■ EXERCISE: Exactly the lines below starting at the line with "Скрепки 28 мм, Alingar, уп." and ending at the line with "Общая площадь 54 м2" are wanted, with both ends included. Leave out the pictures and add no other lines.

■ EXERCISE DATA:
★ ★ ★ ★

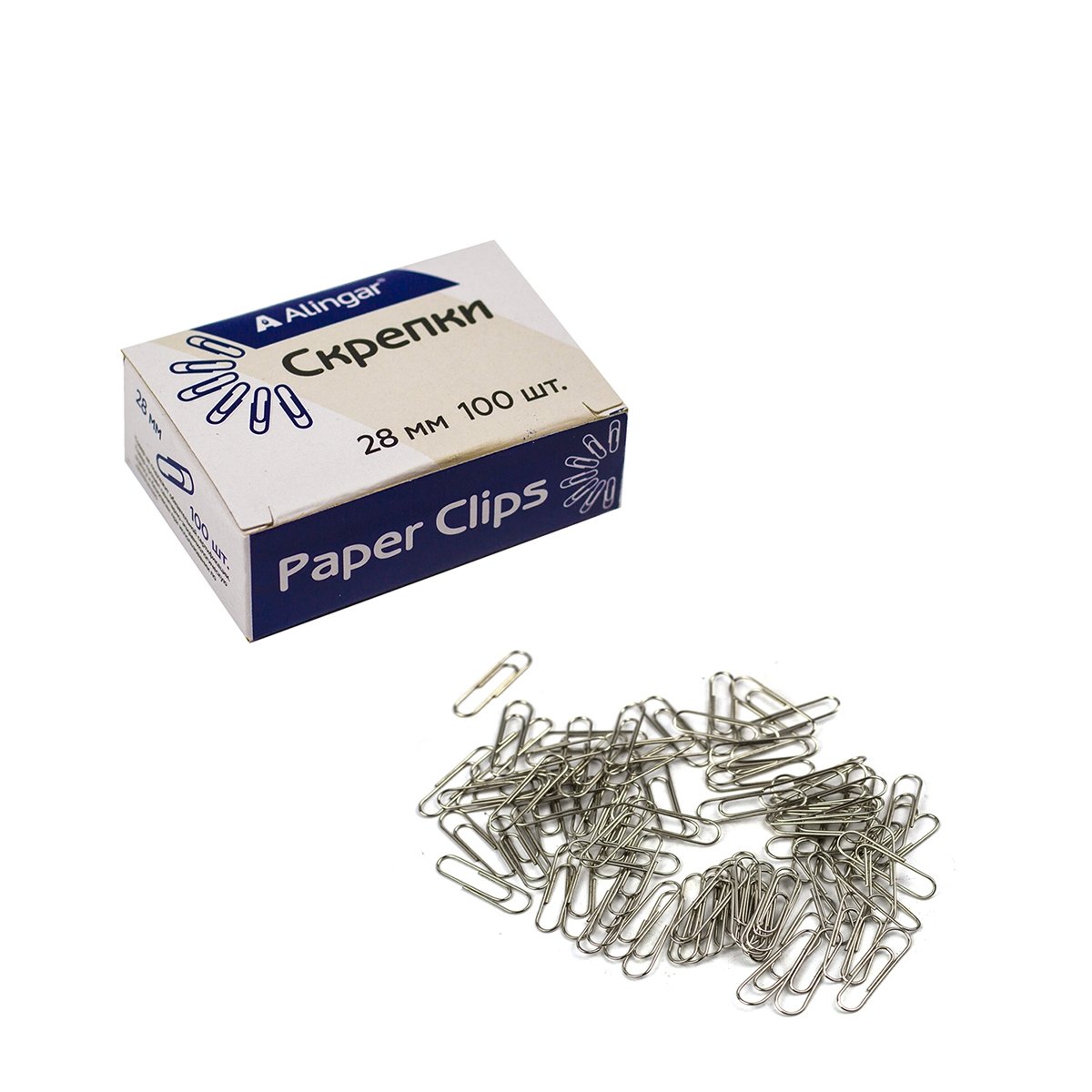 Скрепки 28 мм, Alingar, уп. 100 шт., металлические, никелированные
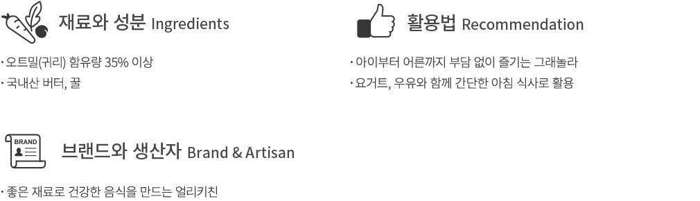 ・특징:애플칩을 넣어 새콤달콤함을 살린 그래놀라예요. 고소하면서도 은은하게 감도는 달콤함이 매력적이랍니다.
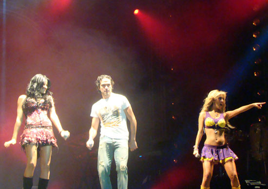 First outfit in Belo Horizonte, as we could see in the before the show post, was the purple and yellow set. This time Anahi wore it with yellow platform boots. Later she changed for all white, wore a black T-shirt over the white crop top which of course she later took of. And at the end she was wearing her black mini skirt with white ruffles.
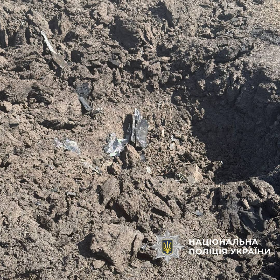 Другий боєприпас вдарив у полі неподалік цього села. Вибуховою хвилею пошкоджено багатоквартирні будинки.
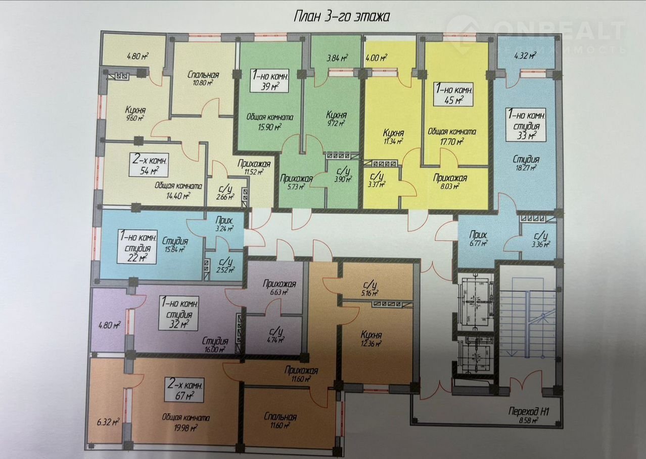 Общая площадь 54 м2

★ ★ ★ ★

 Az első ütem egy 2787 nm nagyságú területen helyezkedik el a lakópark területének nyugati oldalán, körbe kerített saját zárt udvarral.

★ ★ ★ ★

■ SOLVED PROBLEM:
 Скрепки 28 мм, Alingar, уп. 100 шт., металлические, никелированные
 ・특징:애플칩을 넣어 새콤달콤함을 살린 그래놀라예요. 고소하면서도 은은하게 감도는 달콤함이 매력적이랍니다.
 First outfit in Belo Horizonte, as we could see in the before the show post, was the purple and yellow set. This time Anahi wore it with yellow platform boots. Later she changed for all white, wore a black T-shirt over the white crop top which of course she later took of. And at the end she was wearing her black mini skirt with white ruffles.
 Другий боєприпас вдарив у полі неподалік цього села. Вибуховою хвилею пошкоджено багатоквартирні будинки.
 Общая площадь 54 м2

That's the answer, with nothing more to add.